Patients now turn to the web for drugs due to the shortcomings

National
By Martin Ndiema | Jun 09, 2025
Adelight Okumu a resident of Sitikho village in Trans Nzoia county. [Martin Ndiema, Standard]

For Adelight Okumu, a 30-year-old mother of one from Kwanza constituency, life has become a delicate dance of survival and desperation.

Her world, one shaped by crutches, pain, and an unrelenting nerve disease, has been thrown into deeper turmoil by a health crisis that continues to erode public confidence in the country’s already strained healthcare system.

A four-year battle with a debilitating neurological condition has left Okumu dependent on physiotherapy and regular hospital visits.

However, with Kenya’s public health sector brought to its knees by the protracted shortcomings of the Social Health Authority (SHA), Okumu is one of thousands of patients now turning to the vast, unregulated internet in search of life-sustaining treatment.

“I was surprised when I woke up one day and was unable to talk. I used sign language, sometimes pointing and writing on paper, to communicate. It was terrible. Thank God and the doctors who put me on physiotherapy, and I regained my speech,”  Okumu he recounts, her voice quivering but steady.

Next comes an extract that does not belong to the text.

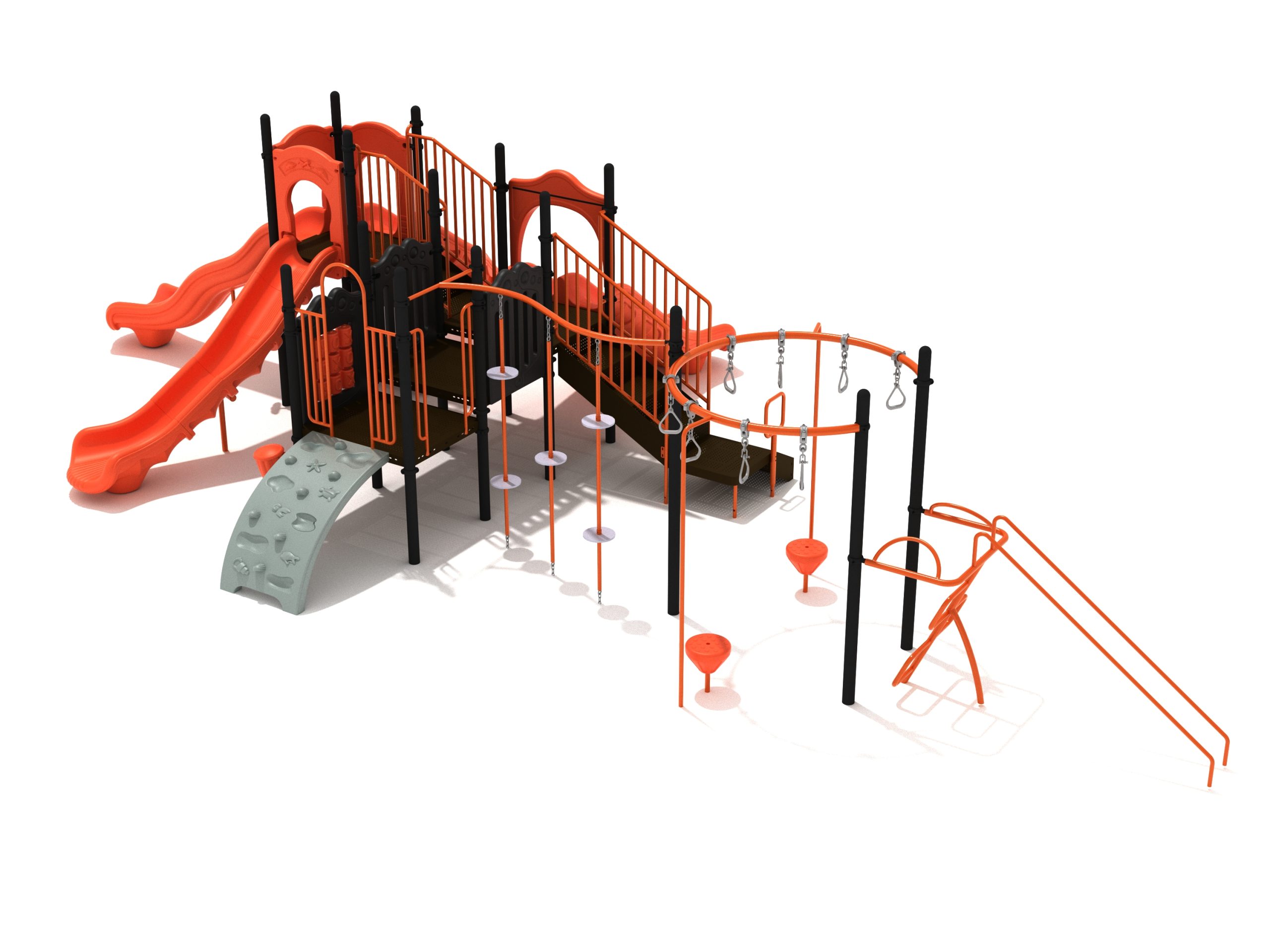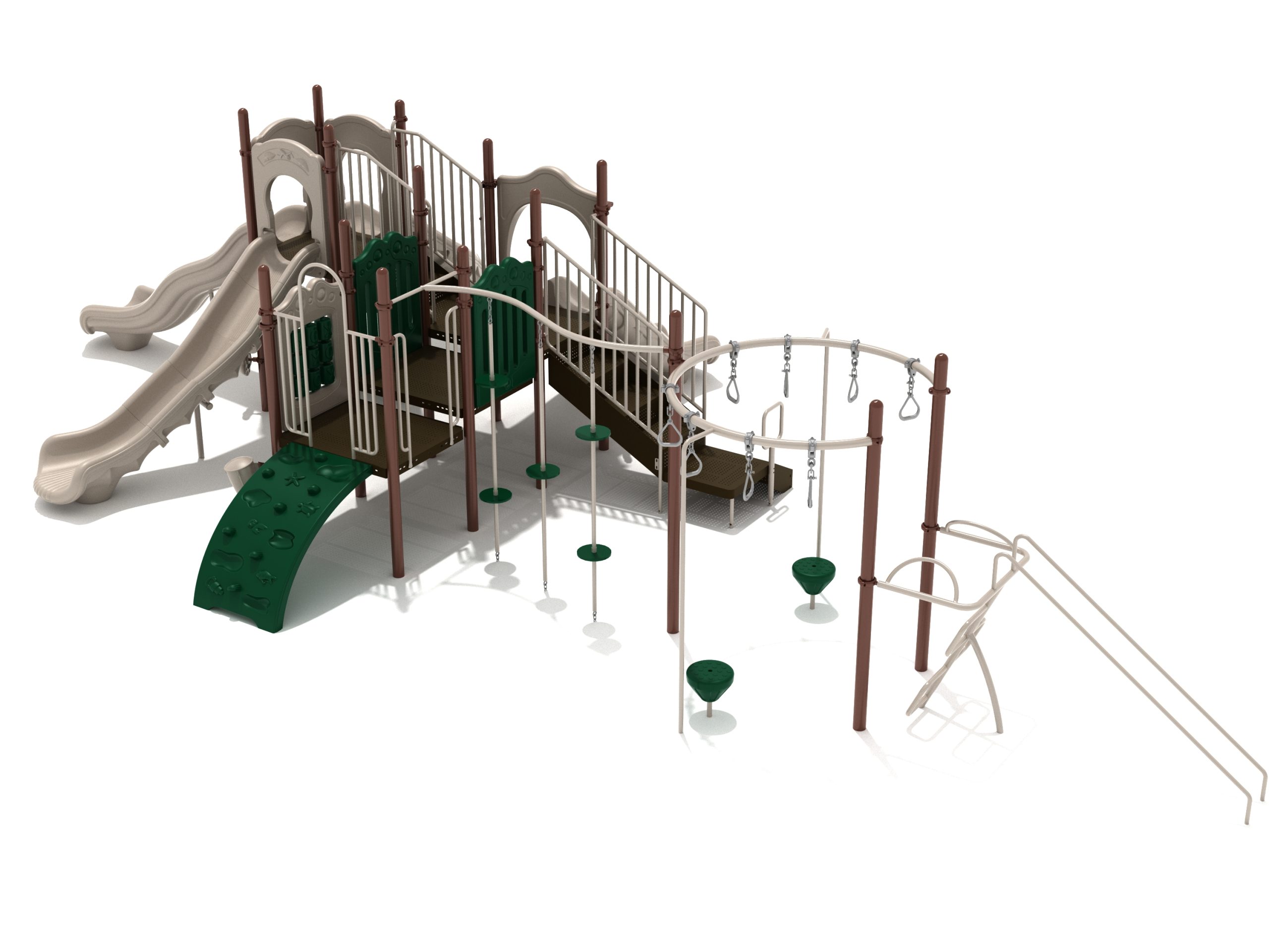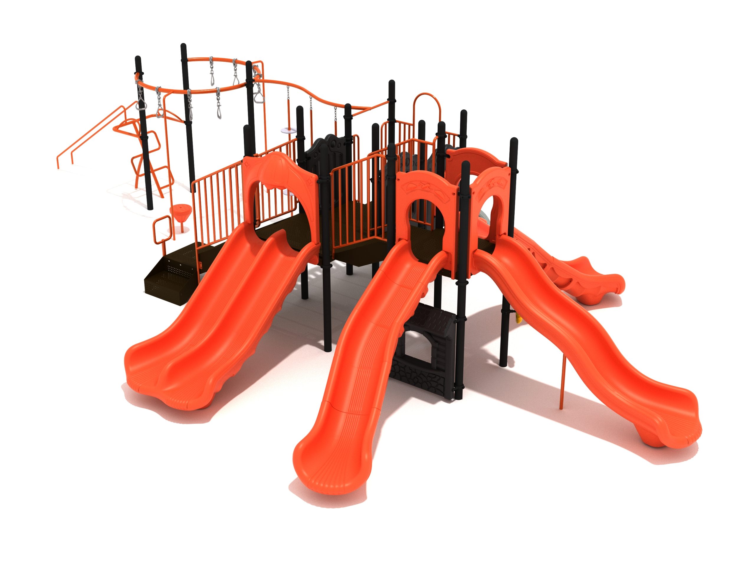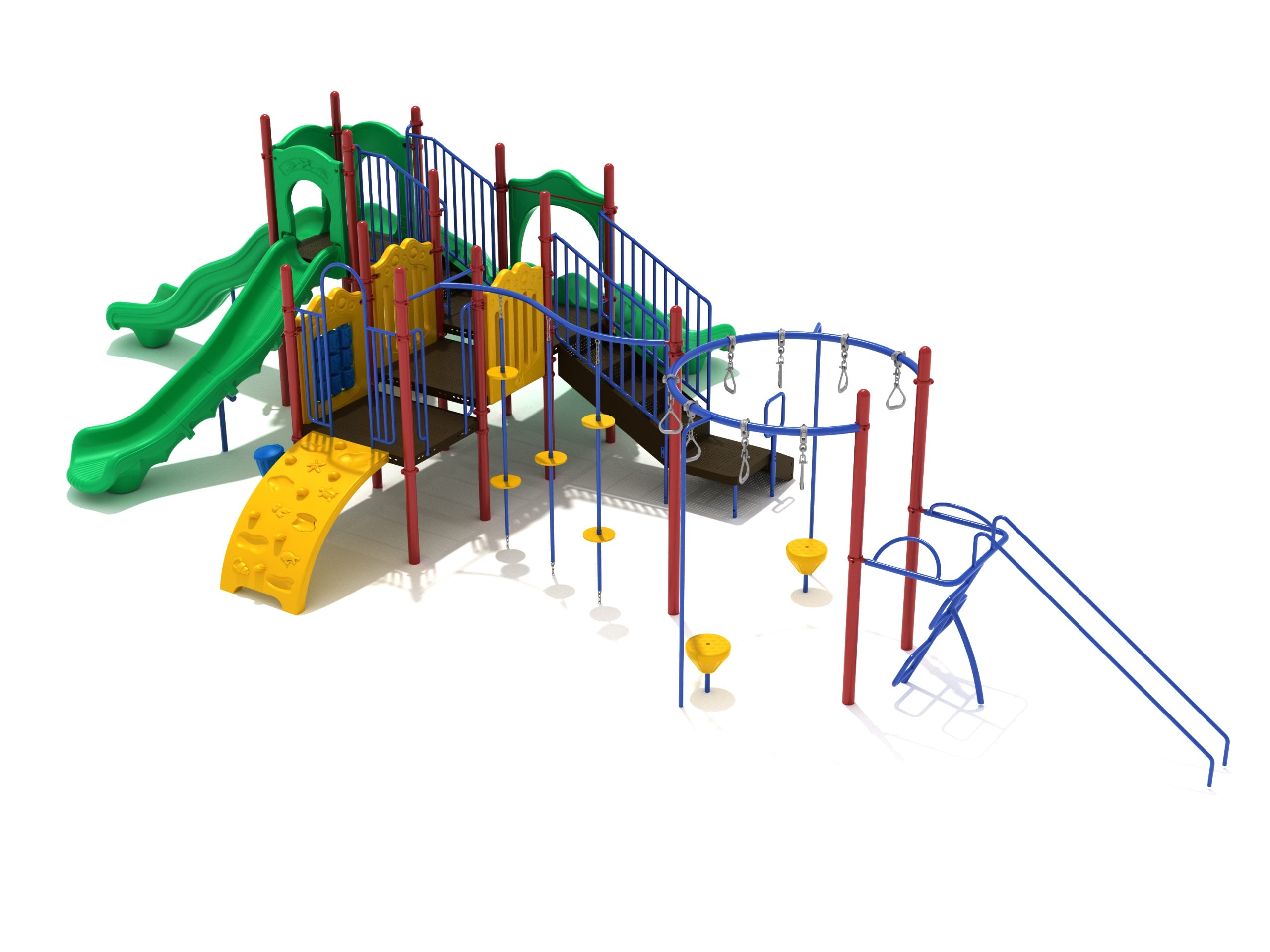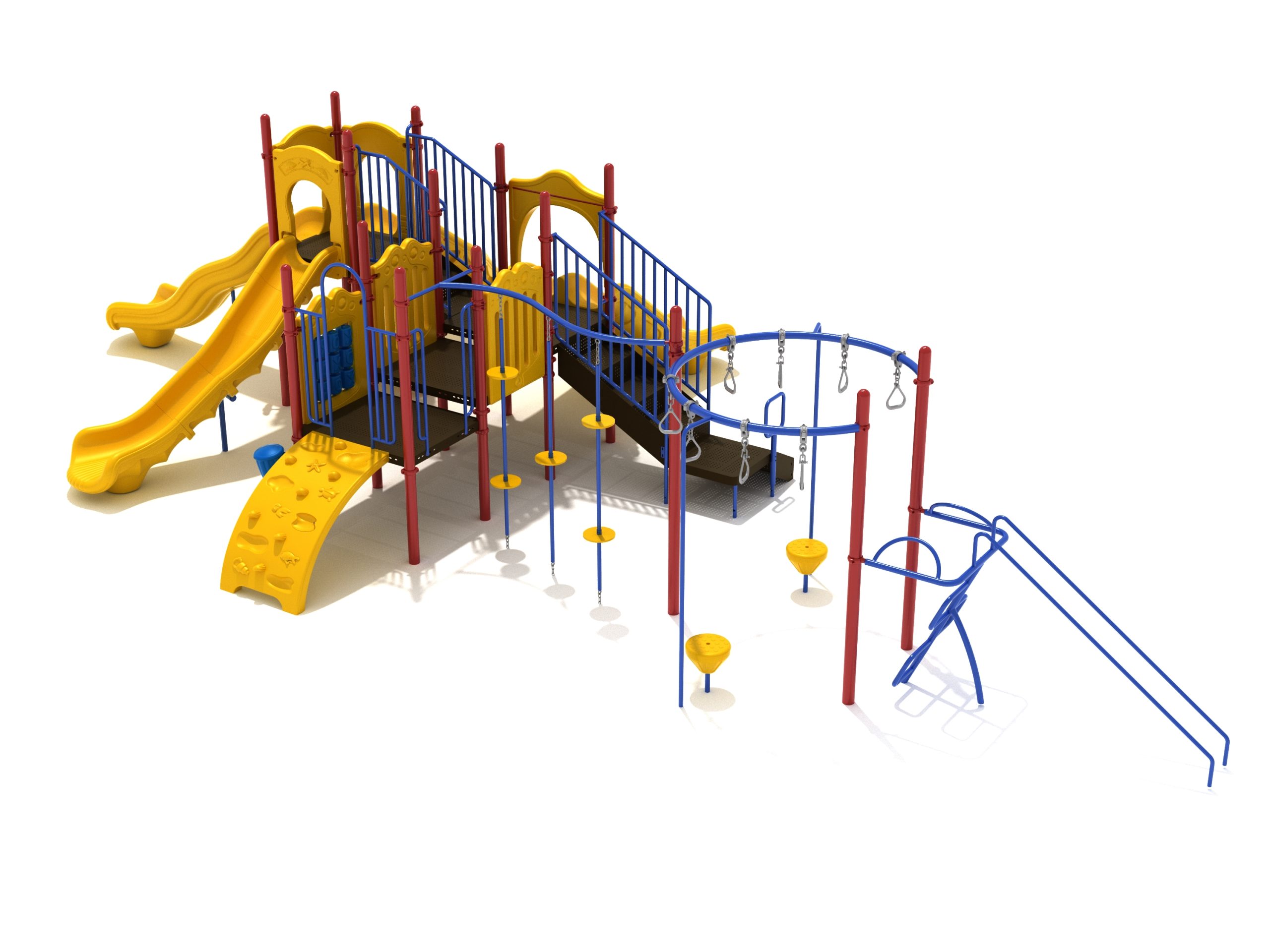 If you want to guarantee non-stop fun and adventure in a playground, choose to install the Goleta play structure as there are endless good times to be had here. The obstacle course part of the Goleta features Parallel Sliding Rails which require excellent coordination and arm strength to get across successfully either up or down. Swinging round in a circle will bring great amusement on the Double Curved Overhead Swinging Ring Ladder and it also has two Pebble Climbers to reach them. To get to the main structure there’s a Lily Pad Challenge Bridge which is sure to give a mental workout as well as a physical one. On the main structure itself the fun continues with both a Right Turn Slide and Left Turn Slide as well as a straight Wave Slide. Kids can use the fascinating Sea Creature Climber to reach the upper level and go down the Double Slide holding hands with a friend. Other features include a Store Panel for roleplaying, a Tic Tac Toe Panel to be played with peers or an adult, and a Ship’s Wheel for those dreaming of pirate adventures. A Single Drum and Rain Wheel bring a musical element to any play time.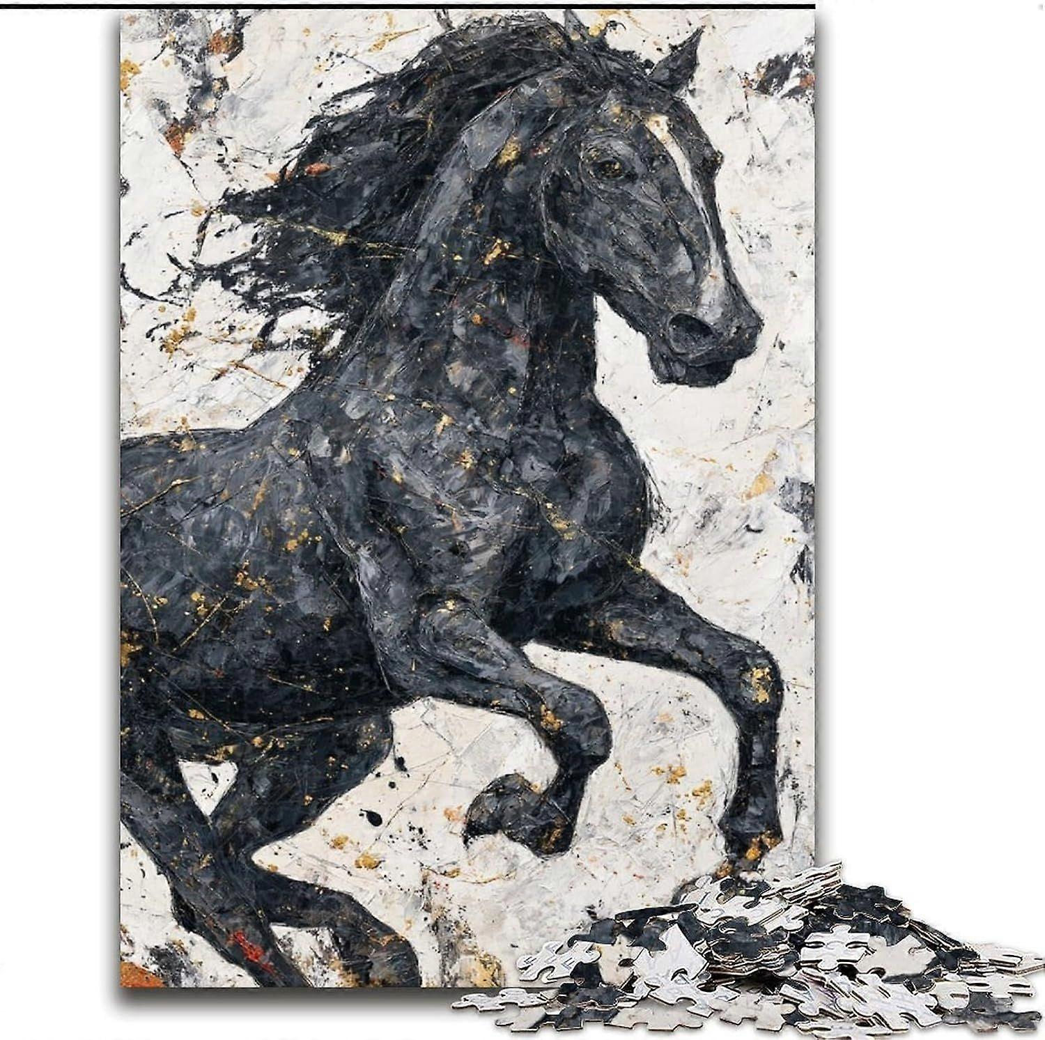 for Adults Black Golden Horse Jigsaw Puzzles for Adults,is Ideal As Gifts for The Whole Family for And Age 14 PT-1867

Her illness began after an extended stay in the Intensive Care Unit at Kenyatta National Hospital.

Nerve damage

Though discharged with a hopeful prognosis, her health rapidly declined. A wave of fever and pain was followed by the grim realisation that muscle atrophy and nerve damage were robbing her of her physical independence.

Her speech returned after six agonising months of therapy but her legs still fail her.

And now, with health workers on strike and facilities like Kitale Referral Hospital closed or operating at skeletal levels, even the little progress she made is slipping away.

“The SHA has reversed the healing process,” she says with quiet anguish. “I used to attend physiotherapy twice a week — Tuesdays and Thursdays. But now I can’t. The hospitals are closed, and I can’t afford to have a private doctor visit me at home.”

The SHA has not only cut her off from essential services but pushed her into the perilous world of self-prescription.

With few alternatives, she now relies on online searches and social media forums for guidance on what drugs to take an option fraught with risks.

“The last time I searched for medication online, I got conflicting information. One site recommended a painkiller, another warned against it. But when you’re desperate, you try anything,” she says. 

Her situation is emblematic of a broader rural healthcare crisis, where access is not just a matter of distance but also of economics.

With specialists few and far between, and private neurologists in nearby Eldoret charging between Sh5,000 to Sh10,000 per visit, Okumu is left with no feasible medical option.

Only option

“Public hospitals would be ideal, but the strike has shut them down. I’m stuck,” she sighs.

This has left thousands in limbo particularly those in rural or marginalised regions, where public hospitals are the only option.

To make matters worse, private hospitals have turned away SHA-insured patients, citing massive unpaid debts.

“This has crippled my daughter. Even though we are insured through SHA, the hospitals don’t want to accept it. We are stuck between a failed public system and private hospitals that don’t care unless you pay upfront,” says Hellen Okumu, Adelight’s mother. 

She pauses before adding, her voice nearly breaking, “Anyone with a good heart, please help my daughter get the treatment she needs.”

Across the country, similar stories abound. Social media have become makeshift clinics as desperate Kenyans seek medical advice in places never meant for clinical care.

From mothers looking up dosages for antibiotics to patients Googling exercises for stroke recovery, the internet is now the primary care provider for thousands.

But the dangers are palpable.

“Self-prescription can lead to adverse drug reactions, misuse of medication, and worsening of symptoms. People are taking medicines based on outdated or incorrect information, often from forums that lack medical oversight,” warns Lydia Chemutai, a neurologist based in Eldoret.

Dr Chemutai adds that neurological patients are among the most vulnerable during the ongoing strike.

“Many of these patients require consistent, long-term therapy. Disrupting their regimen even for a few weeks can reverse years of progress.”

This concern is echoed by global research. A study published by The Lancet Neurology in 2023 found that more than three billion people worldwide live with some form of neurological condition.

Leading cause

These illnesses have now overtaken other non-communicable diseases as the leading cause of disability and death globally.

According to the study, more than 80 per cent of neurological-related deaths and health loss occur in low- and middle-income countries.

In many of these regions, including Kenya, there is a severe shortage of neurological professionals.

Back in Kwanza, Okumu knows these statistics all too well. She has lived them.

“I want to work, to support my daughter and my younger sister. But how can I, if I can’t even walk to the bathroom on my own?”  She says, glancing at the walls of her modest home.

Okumu’s daughter, barely eight, has grown up watching her mother struggle with tasks most take for granted.